• [Task item]:
Only the lines from the line that contains "Style Compass Satin Midi Dress Sage" through the final line of the entries below belong in your answer, copied exactly and without pictures.

Records from a dataset:
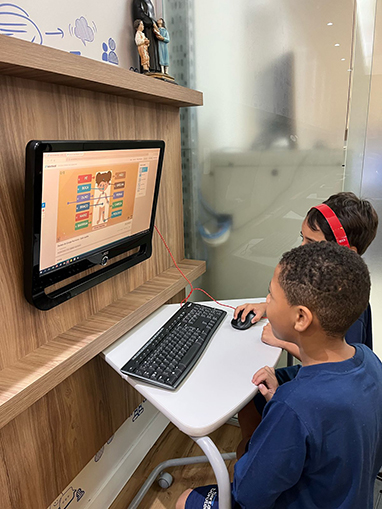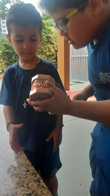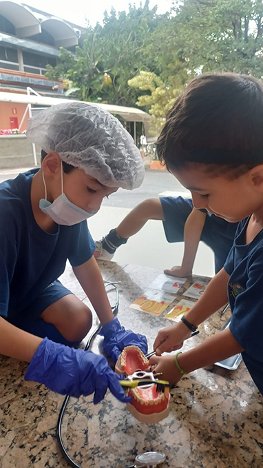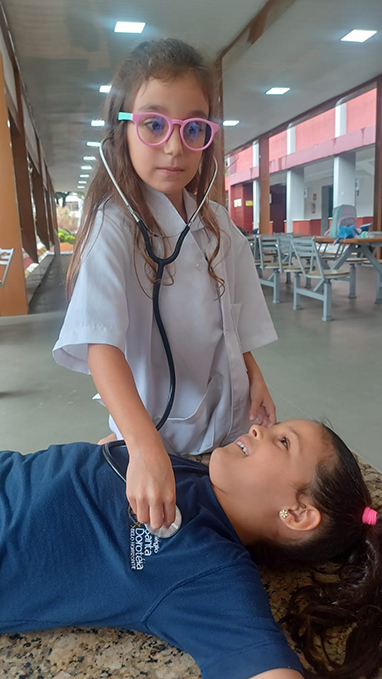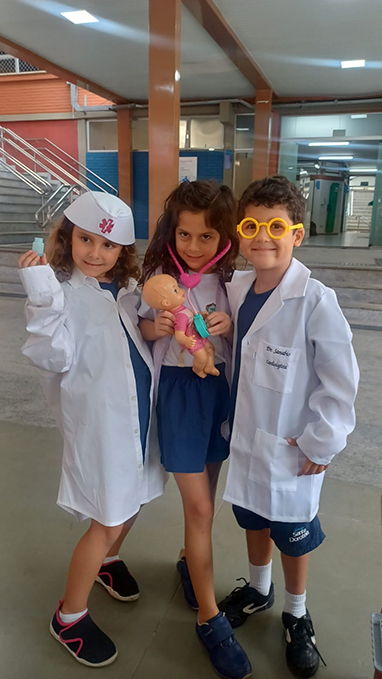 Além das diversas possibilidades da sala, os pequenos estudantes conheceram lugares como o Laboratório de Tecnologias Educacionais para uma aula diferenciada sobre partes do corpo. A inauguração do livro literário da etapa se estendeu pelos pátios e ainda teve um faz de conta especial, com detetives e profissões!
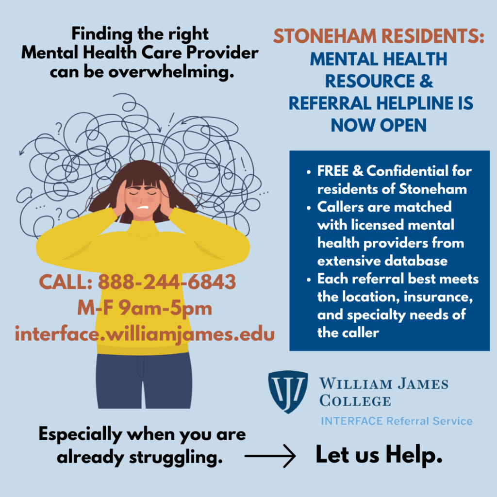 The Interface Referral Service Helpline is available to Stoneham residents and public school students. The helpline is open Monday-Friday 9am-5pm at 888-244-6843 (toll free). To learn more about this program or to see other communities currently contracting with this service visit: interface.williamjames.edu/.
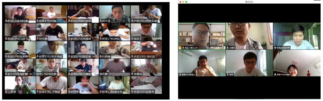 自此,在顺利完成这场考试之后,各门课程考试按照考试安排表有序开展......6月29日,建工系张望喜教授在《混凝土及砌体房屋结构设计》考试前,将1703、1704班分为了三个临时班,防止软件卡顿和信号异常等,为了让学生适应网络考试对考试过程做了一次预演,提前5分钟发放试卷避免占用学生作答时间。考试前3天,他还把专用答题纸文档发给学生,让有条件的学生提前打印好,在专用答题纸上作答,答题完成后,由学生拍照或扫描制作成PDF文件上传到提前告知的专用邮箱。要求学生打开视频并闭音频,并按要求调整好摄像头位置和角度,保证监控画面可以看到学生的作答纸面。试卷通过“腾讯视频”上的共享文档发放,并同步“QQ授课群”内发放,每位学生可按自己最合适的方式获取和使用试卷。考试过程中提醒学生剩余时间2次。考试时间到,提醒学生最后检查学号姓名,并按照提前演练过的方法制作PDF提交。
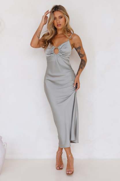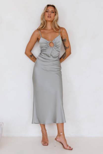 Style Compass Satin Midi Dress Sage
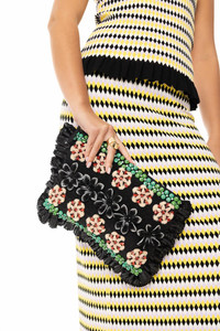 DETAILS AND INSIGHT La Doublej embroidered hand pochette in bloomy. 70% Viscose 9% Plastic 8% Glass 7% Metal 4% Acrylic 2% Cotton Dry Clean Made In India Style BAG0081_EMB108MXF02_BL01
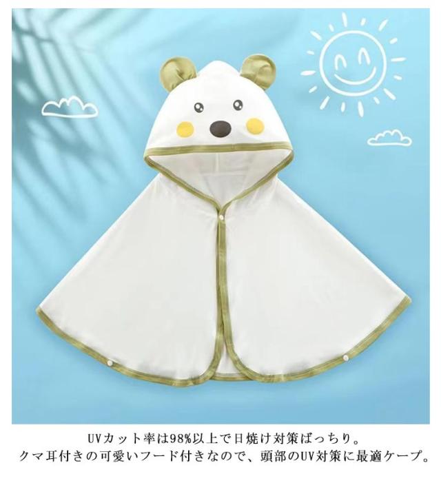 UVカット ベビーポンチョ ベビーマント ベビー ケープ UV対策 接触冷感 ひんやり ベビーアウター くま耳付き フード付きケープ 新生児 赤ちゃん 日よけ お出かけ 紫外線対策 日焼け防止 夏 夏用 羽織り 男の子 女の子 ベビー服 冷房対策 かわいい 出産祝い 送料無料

• [Answer to the exercise]:
 Style Compass Satin Midi Dress Sage
 DETAILS AND INSIGHT La Doublej embroidered hand pochette in bloomy. 70% Viscose 9% Plastic 8% Glass 7% Metal 4% Acrylic 2% Cotton Dry Clean Made In India Style BAG0081_EMB108MXF02_BL01
 UVカット ベビーポンチョ ベビーマント ベビー ケープ UV対策 接触冷感 ひんやり ベビーアウター くま耳付き フード付きケープ 新生児 赤ちゃん 日よけ お出かけ 紫外線対策 日焼け防止 夏 夏用 羽織り 男の子 女の子 ベビー服 冷房対策 かわいい 出産祝い 送料無料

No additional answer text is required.